The multiplicity actually plays a slightly different role in each case, because we have different numbers and sets of hypotheses.

Howard Burkom et al. (2005) coin the terms “parallel monitoring” vs. “consensus monitoring” to distinguish between the case of multiple hypotheses being tested simultaneously by multiple independent data (“parallel”) and the case of monitoring multiple data sources for testing a single hypothesis (“consensus”). According to this distinction we have parallel testing at the regional level, but consensus monitoring at the source-, series-, and algorithm-level.

Are the two types of multiplicity conceptually different? Should the multiple results (e.g., p-values) be combined in the same way?

Regional level
-- Each region has a separate null hypothesis. For region i we have
H0: no outbreak in region i
H1: outbreak in region i
Therefore we have multiple sets of hypotheses.
If we consider singular bioterrorist attacks, then these sets (and the tests) are independent.
If we expect a coordinated terrorist attack at multiple locations simultaneously, then there is positive dependence. For an epidemic, there is positive dependence
Source level -- even if we limit ourselves to a certain geographic location and, say, a single zipcode, then we have multiple data sources. In this case we have a single conceptual null hypothesis for all sources:
H0: no outbreak in this region
H1: outbreak in this region

However, we should really treat the outbreak occurrence as a hidden event. We are using the syndromic data as a proxy for measuring the hidden Bernoulli variable, and in fact testing source-specific hypotheses:
H0: no (outbreak-related) increase in OTC sales
H1: (outbreak-related) increase in OTC sales
When we test this we ignore the (outbreak-related) part. We only search for increases in OTC sales or ER admissions, etc. and try to eliminate as many external factors as possible (promotions, day of week, etc.) To see the added level of uncertainty in using proxy information, consider the following diagram:

When there is no outbreak we might still be getting false alarms that we would not have received had we been measuring a direct manifestation of the outbreak (such as laboratory results). For example, a new pharmacy opening up in a monitored chain would show an increase in medication sales, which might cause an alert. So we should expect a much higher false alarm rate.

On the other hand, in the presence of an outbreak we are likely to miss it if it does not get manifested in the data.

So the underlying assumptions when monitoring syndromic data are
(1) The probability of outbreak-related anomalies manifesting themselves in the data is high (removing red nodes from tree)
(2) The probability of an alarm due to non-outbreak reasons is minimal (removing blue nodes from tree)

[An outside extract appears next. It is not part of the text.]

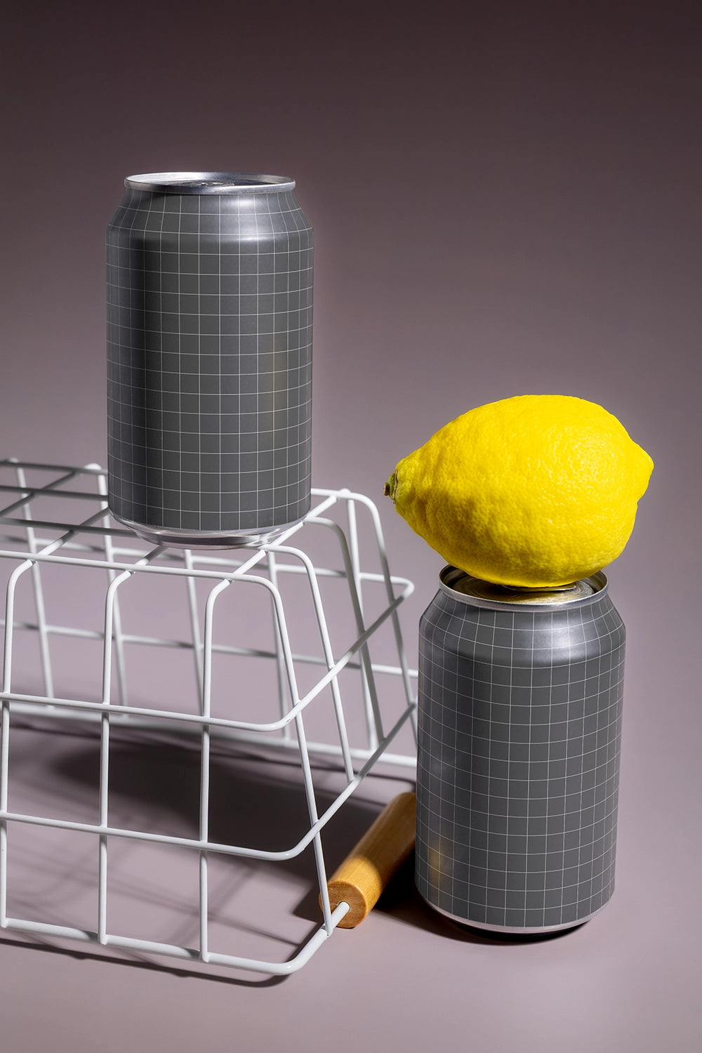 The elevated basket structure adds visual depth, while the lemon introduces a bright, organic accent that reinforces freshness and citrus flavor cues. This balanced interaction between objects, light, and shadow makes the mockup ideal for premium beverage branding, citrus soda packaging, and modern advertising visuals.

Based on these two assumptions, most algorithms are designed to test:
H0: No change in parameter of syndromic data
H1: change in parameter of syndromic data
With respect to assumption (2), it has been noted that there are many cases where non-outbreak reasons lead to alarms. Thus, controlling tightly for those is importance. Alternatively, the false alarm rate (and correct detection rate) should be adjusted to account for these additional factors. These same issues are true for the series- and algorithm-level monitoring.

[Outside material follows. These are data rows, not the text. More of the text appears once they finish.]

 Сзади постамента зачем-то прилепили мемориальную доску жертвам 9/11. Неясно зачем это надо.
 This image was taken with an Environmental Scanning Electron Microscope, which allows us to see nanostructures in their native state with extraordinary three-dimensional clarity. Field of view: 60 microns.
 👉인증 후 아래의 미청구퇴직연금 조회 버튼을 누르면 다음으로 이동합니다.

Series level – multiple series within a data source are usually collected for monitoring different syndromes. For instance: cough medication/cc, fever medication/cc, etc. This is also how CDC is thinking about the multiple series, by grouping ICD-9 codes into (11) categories by symptoms. If we treat each symptom separately then we have 11 tests going on.
H0: no increase in syndrome j
H1: increase in syndrome j

Ideally, we’d look at the specific combination of symptoms (i.e. a syndrome) that increase to better understand which disease is being spread. Also, we believe that an outbreak will lead to an increase in multiple symptoms. So these hypotheses are really related. Again, the conditional part comes in (whether there is an outbreak + the additional level of uncertainty on if/how the syndromic data will show this)

Algorithm level – multiple algorithms running on a same series might be used because each algorithm is looking for a different type of signal. This would give a single H0 but multiple H1
H0: Series mean is same
H1: change in series mean of type k
Or, if we have algorithms that monitor different parameters (cusum for mean and F-statistic for variance), then we also have a multiplicity of H0. Finally, algorithms such as wavelet-based MS SPC break down the series into multiple resolutions. Then, if we test at each resolution we have a multiplicity. Whether the resolutions are correlated or not depends on the algorithm (e.g., using downsampling or not).

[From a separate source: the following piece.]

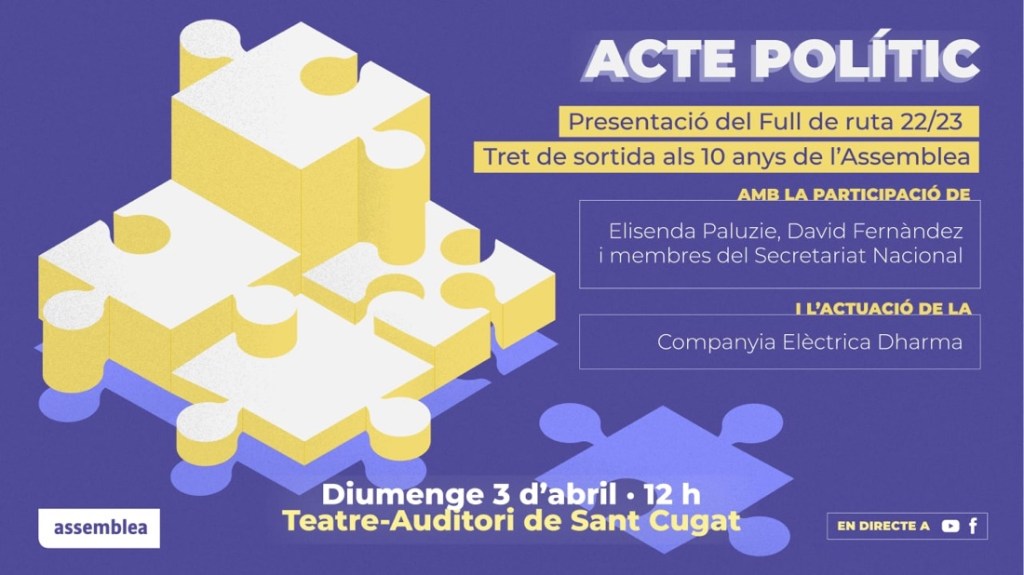 El diumenge 3 d’abril, a Sant Cugat del Vallès, es farà l’Acte Polític de l’Assemblea General Ordi que coincidirà amb l’inici dels actes commemoratius del 10è aniversari Assemblea.

There are several methods for handling multiple testing, ranging from Bonferroni type corrections to Hochberg & Benjamini’s False Discovery Rate (and its variants). There are also Bayesian methods aimed at tackling this problem. Each of the methods has its limitations (Bonferroni is considered over-conservative, FDR corrections depend on the number of hypotheses and are problematic with too few hypotheses, and Bayesian methods are sensitive to the choice of prior and it is unclear how to choose a prior). Howard Burkom et al. (2005) consider these methods for correcting for "parallel monitoring" (multiple hypotheses with independent data streams). For "consensus monitoring" they consider a different set of methods for combining the multiple p-values, from the world of clinical trials. These include Fisher’s statistic and Edgington’s method (that can be approximated for a large number of tests by . Burkom et al. (2005) discuss the advantages and disadvantages of these two methods in the context of the ESSENCE surveillance system.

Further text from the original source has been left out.